Resumen de Effect of maternal obesity and gestational diabetes on placental fatty acid uptake, metabolism and transfer to the fetus
The prevalence of obesity has triplicate by the last thirty years, reaching the magnitude of epidemic. Recent data from the World Health Organization are alarming. Approximately the 40% and the 15% of women older than 18 years are overweight and obese, respectively. Specially worrying are data in respect infant and young population. From 1975 to 2016 the prevalence of overweight and obesity has increase to 18%, the worldwide prevalence of infant and teenager is about 8%.
Obesity must be considered as a complex multifactorial disorder resulting of the interaction of several environmental and genetic factors. Changes in dietary and physical activity patterns associated to social changes are disturbing especially in children and adolescent Regardless of the cause, obesity represent an important global health concern. Excessive fat accumulation has been found to be a major risk factor for the four group of noncommunicable diseases: cardiovascular diseases, diabetes, musculoskeletal disorders and some kinds of cancer.

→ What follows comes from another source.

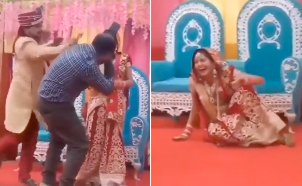 Groom Slapped Photographer During Photoshoot: शादी का फंक्शन हो या न हो, लेकिन सोशल मीडिया पर शादी से जुड़े वीडियोज वायरल होते रहते हैं. इनमें से कुछ वीडियोज दिल को छू जाते हैं, तो कुछ वीडियोज हंसा-हंसा कर बुरा हाल कर देते हैं. हाल ही में एक ऐसा ही वीडियो सामने आ रहा है, जिसमें दुल्हन को पोज़ बनवा रहे फोटोग्राफर पर दूल्हे 'मियां' का गुस्सा फूटते हुए नजर आ रहा है. इस दौरान दूल्हा कुछ ऐसी हरकत कर देता है, जिसे देखकर वहां मौजूद हर कोई हक्का-बक्का रह जाता है. वहीं दूसरी तरफ दुल्हन दूल्हे के कारनामे को देखकर हंस-हंसकर लोटपोट हो जाती है. वीडियो को देखने के बाद आप भी अपनी हंसी कंट्रोल नही कर पाएंगे.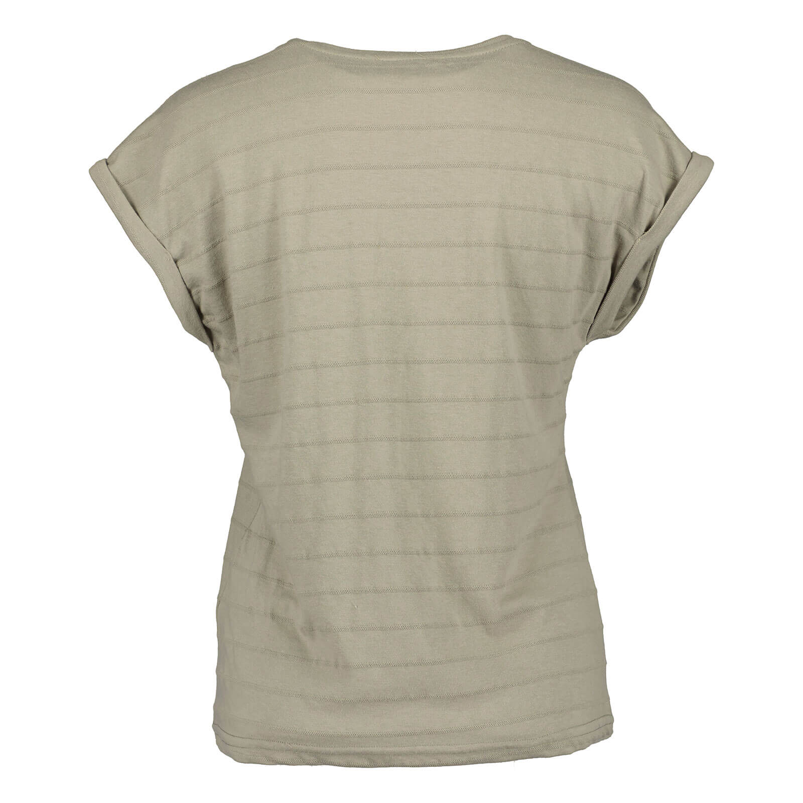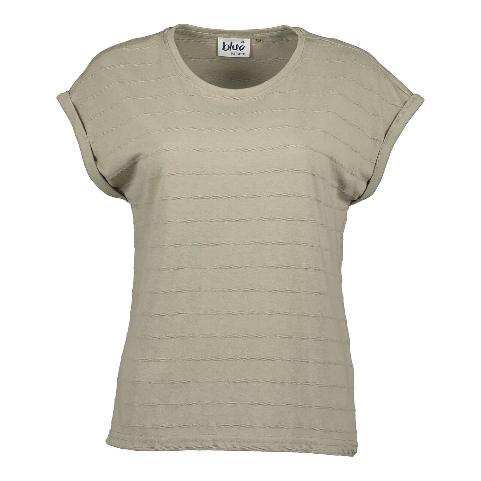 Blue Seven Damen T-Shirt im dezenten Streifen-Design - Kurzarm-Shirt mit überschnittenen Schultern in Khaki Größe 36

Obesity is specially worrying in women of reproductive age. Women with excessive body weight/fat accumulation at conception face many obstetric complications such as miscarriage, gestational hypertension, preeclampsia, gestational diabetes and cesarean delivery. In addition, offspring from obese women are in major risk of macrosomia, neural tube defects, and congenital heath disease. Furthermore, nutritional milieu associated to maternal obesity increases the risk of metabolic complications later in their descendance. For first time, Barker et al. linked an unfavorable environment during pregnancy with the origin of diseases in adult life. Some maternal metabolic pathologies, such as obesity and gestational diabetes, are associated to an unfavorable nutritional status. Maternal malnutrition includes both excess and deficit of nutrients. Thus, offspring born from obese or diabetic mother shown increased insulin resistance, adiposity, and higher risk to develop metabolic syndrome later in life.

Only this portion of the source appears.